I hate that other people feel the same way about me.
I hate the certainty I get, clawing in my gut (oof, gotta love cliches), that they're right, and I'm too stupid to actually know anything about myself.
5) I don't want to be trans. I really don't. I try so hard to be a non-confrontational person. And I've landed on what feels like one of the more contentious issues in our current times. Everyone seems to have an 'opinion' on trans people. I dunno why I put that in scare quotes. It seemed appropriate.
Life's confusing enough. And people look down on autistics and on trans people. I swear, I'd be alright with one of them. Two's too much.
6) I don't have the money to transition. I don't have the time to transition. I don't have the family approval required to transition. I don't have the self-acceptance required to transition.

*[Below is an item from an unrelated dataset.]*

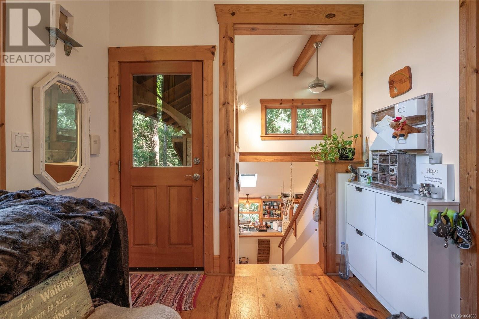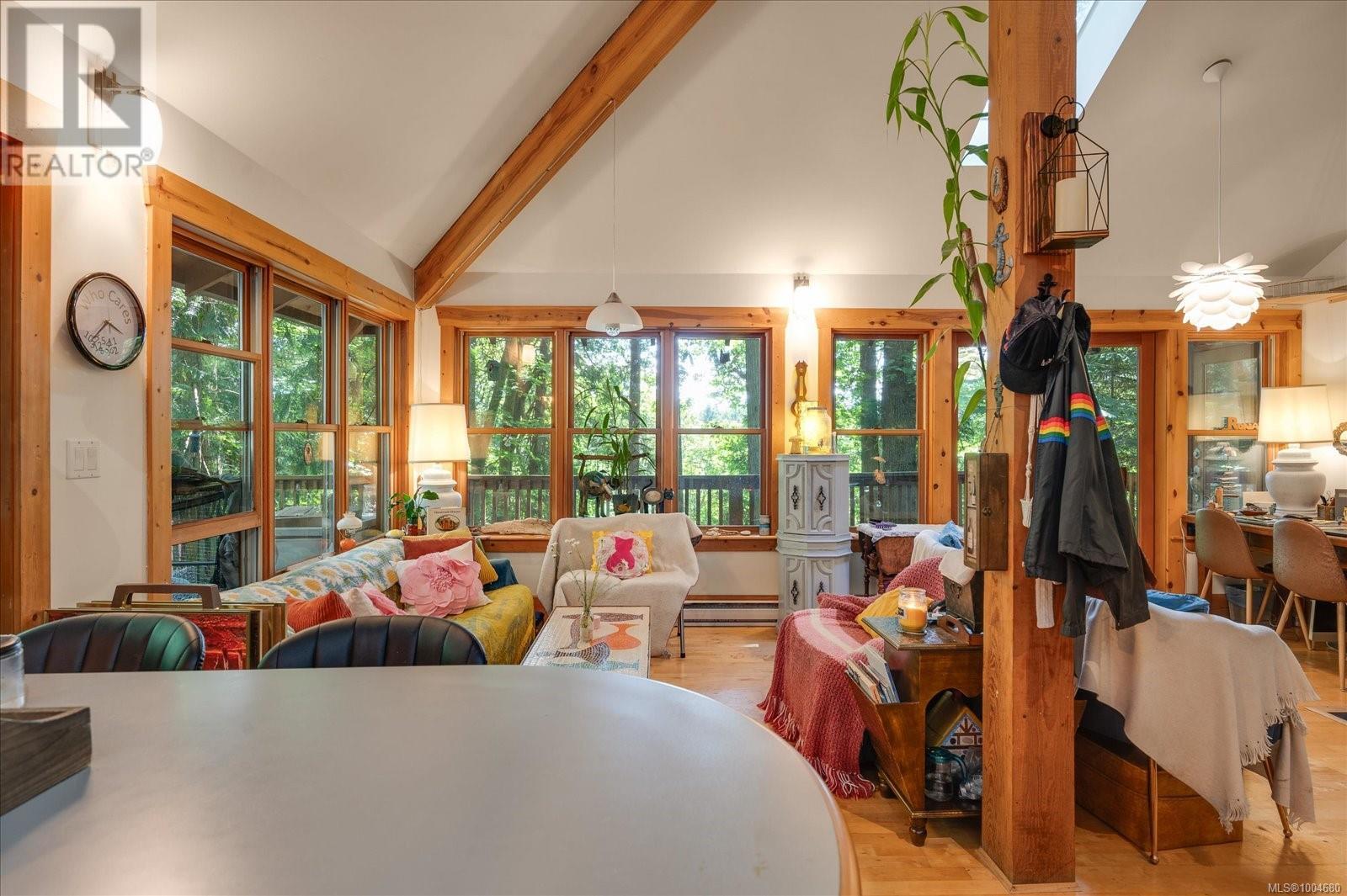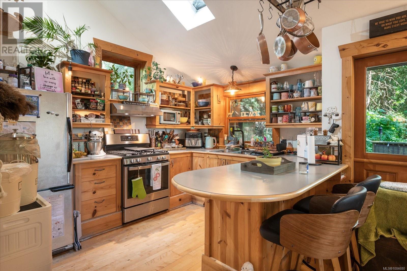 Rustic charm with architectural style and modern comfort are defining characteristics of this wonderful home. This is a custom built home on just under half an acre of wooded land with a creek running along the base of the lot. Wood exterior siding and wood trim inside accentuate the rustic elegance of the architect designed building. The main floor features open space living and dining. A broad wrap around wooden deck has space for relaxing and dining outdoors. The kitchen opens to the living/dining area with bar seating. A large skylight makes the kitchen space bright. Appliances include a refrigerator and gas range and oven. The main bedroom is accessed from a entry space off of the living room. A full glass paneled door leads out to the deck. Upstairs is a second bedroom and a 3 piece bath. Steps away is an auxiliary building with a 3rd bedroom and 3 piece bath and kitchenette. (id:48970) Show More

I don't have the stamina to keep living in this horrible fucking shell long term. I don't have the stamina to stay in limbo, feeling like I'm perpetually waiting for my life to start, stuck in a never ending preliminary.
I'm terrified of transitioning. The idea of staying as I am terrifies me too.
I'm on antidepressants. I wonder if one day, they won't be enough to keep this all at bay.
---
Boom. Some ramblings.
So this is all the stuff that came up, when you saw my name on my door.
I'm not very good at being trans. I don't have a prepared answer to what name/ pronouns you should use with which people. I don't know how to come out. I don't know how to ask for support. I don't even know what support I want.
I'm sick, and I'm tired, and I'm lonely, and I get really fucking bored of my stupid fucking masks, but I have no idea what's underneath.
This got way more emo than I expected. Daaamn. Thought I outgrew the eyeliner and the 'you don't understand me mom!!' vibes.
I thought I'd gotten over the 'I don't know who I am and I feel like I'm constantly tricking everyone including myself' shtick years ago.
Ah well. What would early adulthood be without a little identity related angst?
And I'm actually done rambling now. Thanks for sitting through it.